If there is excessive slippage, the shoe may be too long or too wide. Adjust the size by going either shorter in length or narrower in width. Anklebones are very prone to irritation if they rub on the top of the counter, the inside and outside anklebones are actually different heights, so check in the heel area. Some have padded collars to lessen the slippage.  If the anklebones are rubbing on the shoes top line, an easy solution to the problem could be a heel pad to raise the foot inside the shoe and relieve pressure. Be sure to raise both heels as raising just one could cause other problems.

big TIP:  Knowing about heel slippage and properly flexing the shoe at the breakpoint will a lot of times correct the heel slip problem. If you have a correct fit in the front portion of the foot- you should avoid going smaller in size. Going smaller in size will sacrifice the most important part of the fit, which is the ball of the foot and overall room up front just to get the heel tight. Some slippage is normal and generally will go away as shoe begins to flex with the foot.

6.         Top Line

 The top line of shoes can fit differently when comparing slip-on dress shoes to lace-up oxfords. The top line or top trim of the shoe should fit as snugly as possible to the sides of the foot. You should try for minimum gaping on the side of the foot. With “dress” style of shoes, excessive gaping means improper fit or the wrong pattern/ last for the particular foot. Remember, lasts vary in dress shoes also, and different styles/lasts should be considered.

7.         Instep

The instep check is most important in boot and loafer fittings, when no adjustment over the instep is possible. This area of the shoe must fit snugly to keep the foot positioned properly inside the shoe. Of course, with a laced shoe you have adjustability, but with a non adjustable shoes and boots the fit has to be right initially.

Selection of lasts will be important. Many people with high arches and high insteps will be challenges and, in some cases, may not be able to wear certain styles. Boots may be a problem to even slip on. If the shoe is too tight over the instep, it could even constrict blood flow to the foot. There is not a lot of leeway here. It fits or it doesn’t.

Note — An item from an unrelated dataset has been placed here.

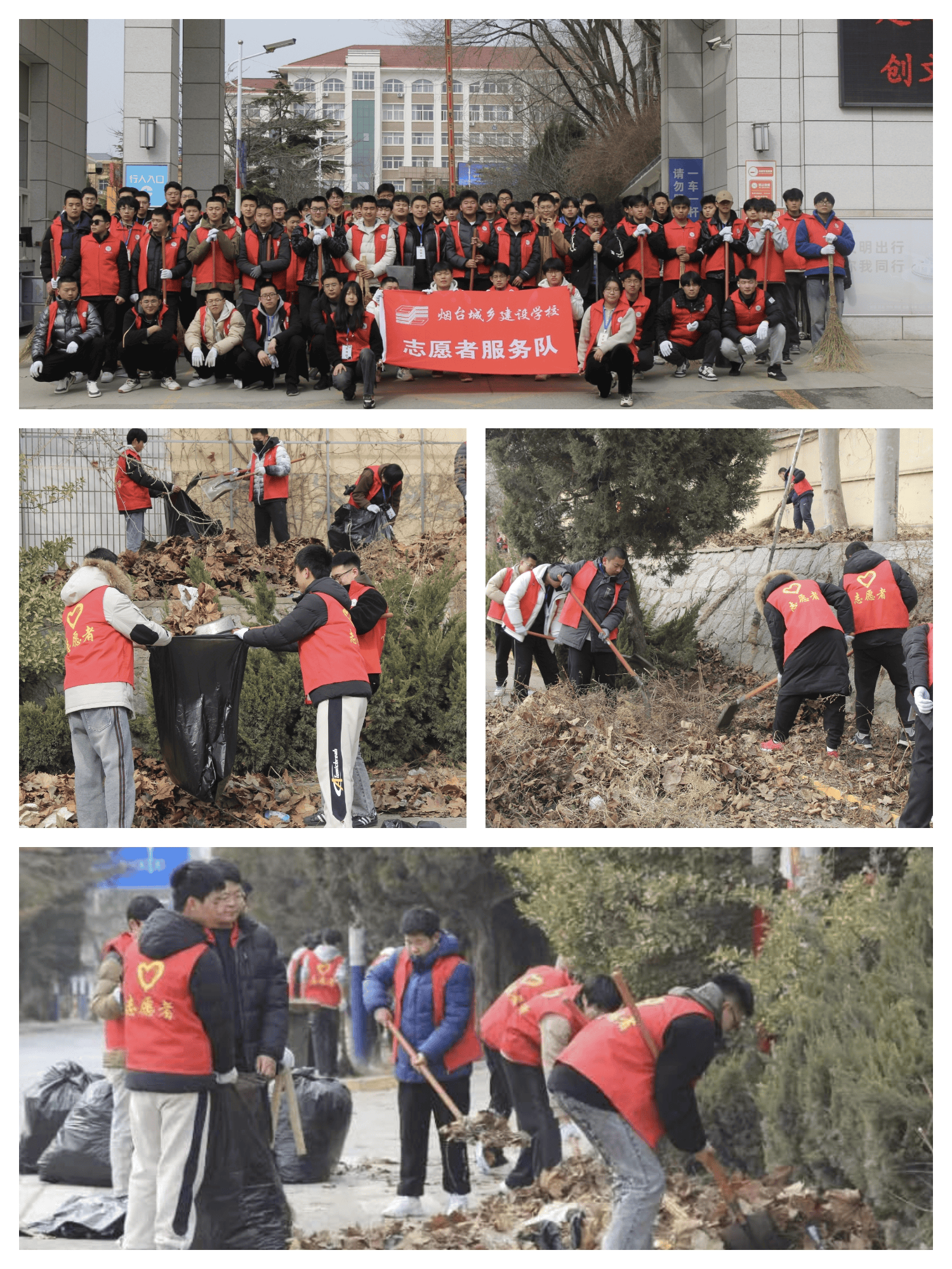 行之愈笃,则知之愈益明。建筑工程专业部发挥专业优势,对校园破损边角进行修补,传承匠心技艺,为学生德技并修提供助力;机电技术专业部、学前教育专业部、财经管理专业部和成教处(世赛中心)秉承“劳动创造美好生活”理念,践行“为人民服务”的誓言,组织各班级志愿清扫活动;国防教育专业部协助芝罘区武装部进行役前集训准备工作,打扫营房卫生,搬运集训工具,整理仓库装备。活动中,全体学生发扬不怕苦、不怕累、不怕脏的“雷锋精神”,校内外的每个角落,都留下了属于他们自己的“最美身影”。

Check for unnecessary tightness at instep. On a thick foot with lots of girth or a foot with a high instep, select laced up footwear, and be sure to suggest the blucher lacing system as it has more freedom for the instep. If fitting a bal lace, the two sides should come fairly close together. If it appears to like a V even when laced properly, it is too tight. Here the trick though, it is the LENGTH not the WIDTH that is the problem.

 8.         Tread

 Now, walk around to check how the shoe treads. Walk in the shoes on a fairly firm surface. You should be able to walk smoothly and as effortlessly as possible. They should not feel unsteady or wobbly, and you should not feel lumps or flat spots in the sole. The shoe will be somewhat stiff at first and perhaps cause some movement on the foot, but the movement should not be excessive. In brief, the shoe should fit securely, feel balanced and stable, and walk comfortably. If it does, you have done a good job. 

9.         Buyer Opinion

Of course, what YOU think is always of utmost importance. Never make the fitting experience a battle between you and your new fit knowledge. If you have been doing a good job EDUCATING yourself throughout this process, then this part should go smoothly.